PROBLEM STATEMENT: Apart from the pictures, every line below is to be set down exactly.

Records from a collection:
☆ ☆ ☆ ☆ ☆ ☆ ☆

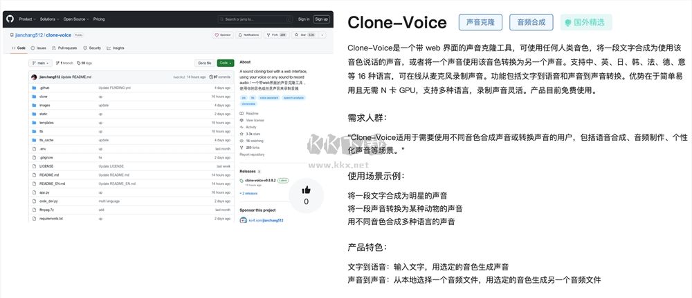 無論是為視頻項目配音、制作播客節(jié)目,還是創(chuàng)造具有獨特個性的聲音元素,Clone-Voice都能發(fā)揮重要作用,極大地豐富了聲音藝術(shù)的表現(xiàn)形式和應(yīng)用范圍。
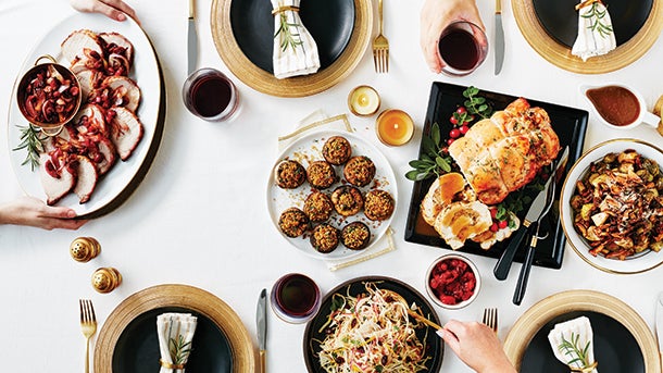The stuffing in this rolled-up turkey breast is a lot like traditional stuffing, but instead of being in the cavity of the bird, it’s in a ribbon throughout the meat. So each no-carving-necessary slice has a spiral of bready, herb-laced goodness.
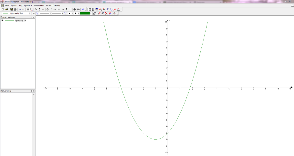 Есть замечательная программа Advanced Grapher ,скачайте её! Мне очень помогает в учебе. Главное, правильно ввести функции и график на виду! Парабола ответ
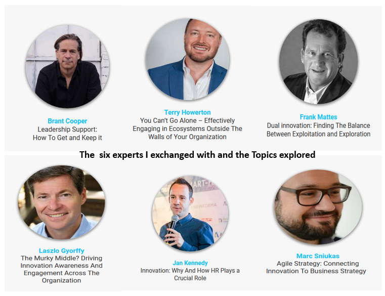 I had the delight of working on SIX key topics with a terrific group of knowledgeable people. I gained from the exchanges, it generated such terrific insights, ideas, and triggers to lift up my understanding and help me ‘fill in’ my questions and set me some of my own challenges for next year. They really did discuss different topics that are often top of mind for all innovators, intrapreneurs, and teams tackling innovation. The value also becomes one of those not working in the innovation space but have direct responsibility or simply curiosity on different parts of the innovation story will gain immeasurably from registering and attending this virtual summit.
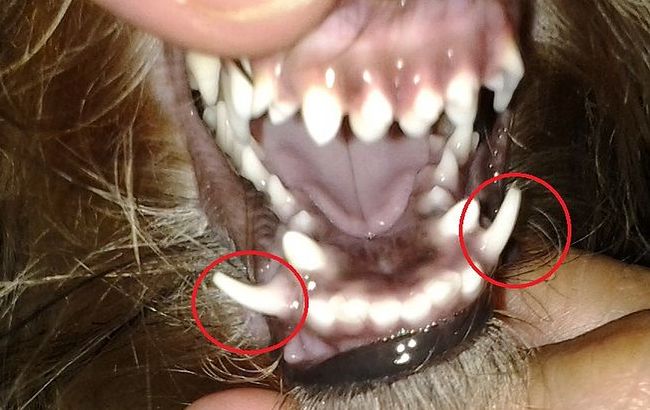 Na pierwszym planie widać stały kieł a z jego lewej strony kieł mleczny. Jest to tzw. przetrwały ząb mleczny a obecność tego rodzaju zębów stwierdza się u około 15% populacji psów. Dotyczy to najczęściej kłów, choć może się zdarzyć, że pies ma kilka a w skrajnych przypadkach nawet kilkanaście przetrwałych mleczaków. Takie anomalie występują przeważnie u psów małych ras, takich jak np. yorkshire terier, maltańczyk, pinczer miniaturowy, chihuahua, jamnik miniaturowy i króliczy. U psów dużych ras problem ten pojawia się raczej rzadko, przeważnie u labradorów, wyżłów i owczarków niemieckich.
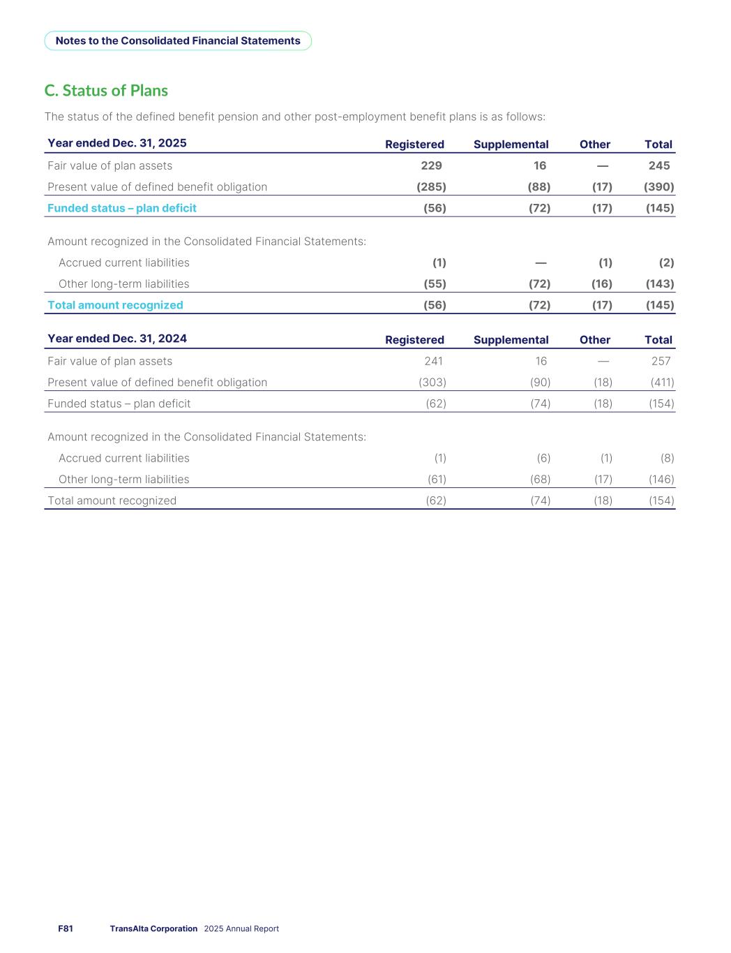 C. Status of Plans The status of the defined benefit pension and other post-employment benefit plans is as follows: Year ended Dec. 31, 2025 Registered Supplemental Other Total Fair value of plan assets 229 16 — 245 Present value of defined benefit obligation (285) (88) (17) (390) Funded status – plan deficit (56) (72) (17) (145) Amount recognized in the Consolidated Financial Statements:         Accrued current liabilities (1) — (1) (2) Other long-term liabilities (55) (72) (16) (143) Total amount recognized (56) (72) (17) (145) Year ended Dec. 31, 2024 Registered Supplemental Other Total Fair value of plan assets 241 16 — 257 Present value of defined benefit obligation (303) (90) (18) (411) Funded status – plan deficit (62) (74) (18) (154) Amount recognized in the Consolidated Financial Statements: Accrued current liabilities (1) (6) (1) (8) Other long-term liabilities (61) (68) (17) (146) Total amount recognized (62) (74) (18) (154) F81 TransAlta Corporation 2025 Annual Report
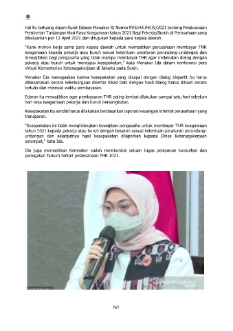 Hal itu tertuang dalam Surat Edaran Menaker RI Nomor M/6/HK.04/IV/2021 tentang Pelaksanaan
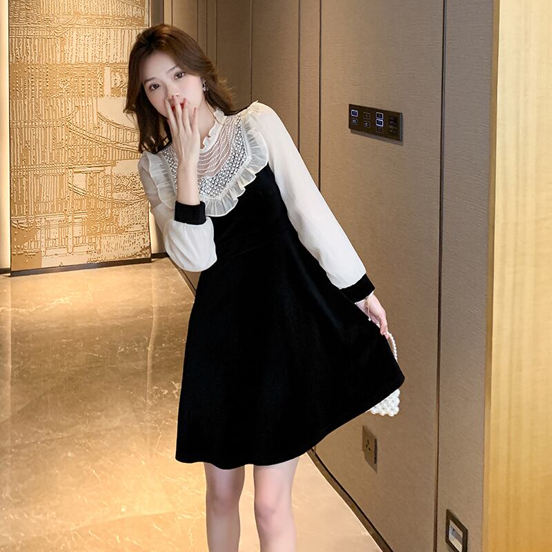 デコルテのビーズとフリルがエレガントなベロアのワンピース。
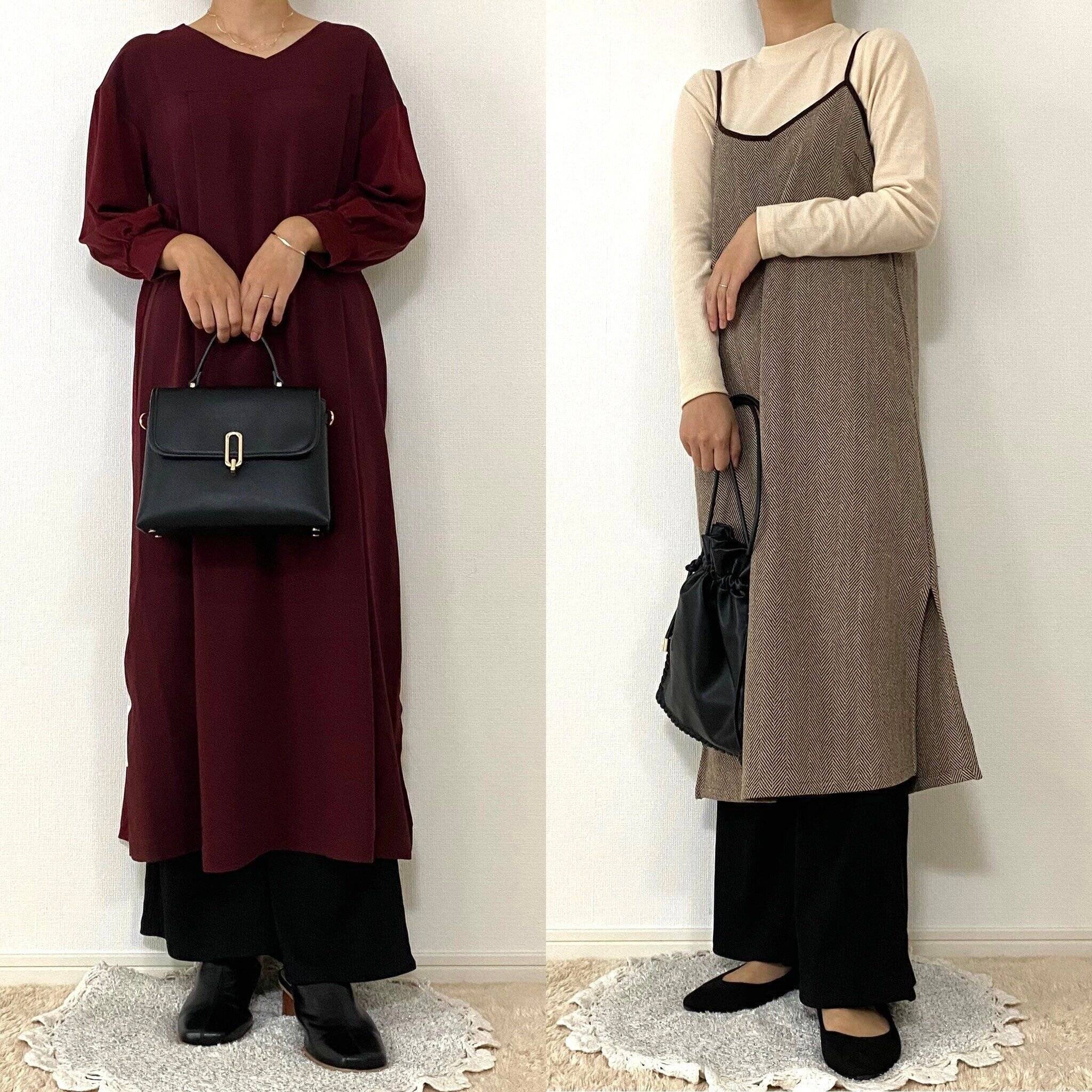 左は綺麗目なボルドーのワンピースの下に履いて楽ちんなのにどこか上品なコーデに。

☆ ☆ ☆ ☆ ☆ ☆ ☆

SOLUTION TO THIS EXERCISE:
 無論是為視頻項目配音、制作播客節(jié)目,還是創(chuàng)造具有獨特個性的聲音元素,Clone-Voice都能發(fā)揮重要作用,極大地豐富了聲音藝術(shù)的表現(xiàn)形式和應(yīng)用范圍。
The stuffing in this rolled-up turkey breast is a lot like traditional stuffing, but instead of being in the cavity of the bird, it’s in a ribbon throughout the meat. So each no-carving-necessary slice has a spiral of bready, herb-laced goodness.
 Есть замечательная программа Advanced Grapher ,скачайте её! Мне очень помогает в учебе. Главное, правильно ввести функции и график на виду! Парабола ответ
 I had the delight of working on SIX key topics with a terrific group of knowledgeable people. I gained from the exchanges, it generated such terrific insights, ideas, and triggers to lift up my understanding and help me ‘fill in’ my questions and set me some of my own challenges for next year. They really did discuss different topics that are often top of mind for all innovators, intrapreneurs, and teams tackling innovation. The value also becomes one of those not working in the innovation space but have direct responsibility or simply curiosity on different parts of the innovation story will gain immeasurably from registering and attending this virtual summit.
 Na pierwszym planie widać stały kieł a z jego lewej strony kieł mleczny. Jest to tzw. przetrwały ząb mleczny a obecność tego rodzaju zębów stwierdza się u około 15% populacji psów. Dotyczy to najczęściej kłów, choć może się zdarzyć, że pies ma kilka a w skrajnych przypadkach nawet kilkanaście przetrwałych mleczaków. Takie anomalie występują przeważnie u psów małych ras, takich jak np. yorkshire terier, maltańczyk, pinczer miniaturowy, chihuahua, jamnik miniaturowy i króliczy. U psów dużych ras problem ten pojawia się raczej rzadko, przeważnie u labradorów, wyżłów i owczarków niemieckich.
 C. Status of Plans The status of the defined benefit pension and other post-employment benefit plans is as follows: Year ended Dec. 31, 2025 Registered Supplemental Other Total Fair value of plan assets 229 16 — 245 Present value of defined benefit obligation (285) (88) (17) (390) Funded status – plan deficit (56) (72) (17) (145) Amount recognized in the Consolidated Financial Statements:         Accrued current liabilities (1) — (1) (2) Other long-term liabilities (55) (72) (16) (143) Total amount recognized (56) (72) (17) (145) Year ended Dec. 31, 2024 Registered Supplemental Other Total Fair value of plan assets 241 16 — 257 Present value of defined benefit obligation (303) (90) (18) (411) Funded status – plan deficit (62) (74) (18) (154) Amount recognized in the Consolidated Financial Statements: Accrued current liabilities (1) (6) (1) (8) Other long-term liabilities (61) (68) (17) (146) Total amount recognized (62) (74) (18) (154) F81 TransAlta Corporation 2025 Annual Report
 Hal itu tertuang dalam Surat Edaran Menaker RI Nomor M/6/HK.04/IV/2021 tentang Pelaksanaan
 デコルテのビーズとフリルがエレガントなベロアのワンピース。
 左は綺麗目なボルドーのワンピースの下に履いて楽ちんなのにどこか上品なコーデに。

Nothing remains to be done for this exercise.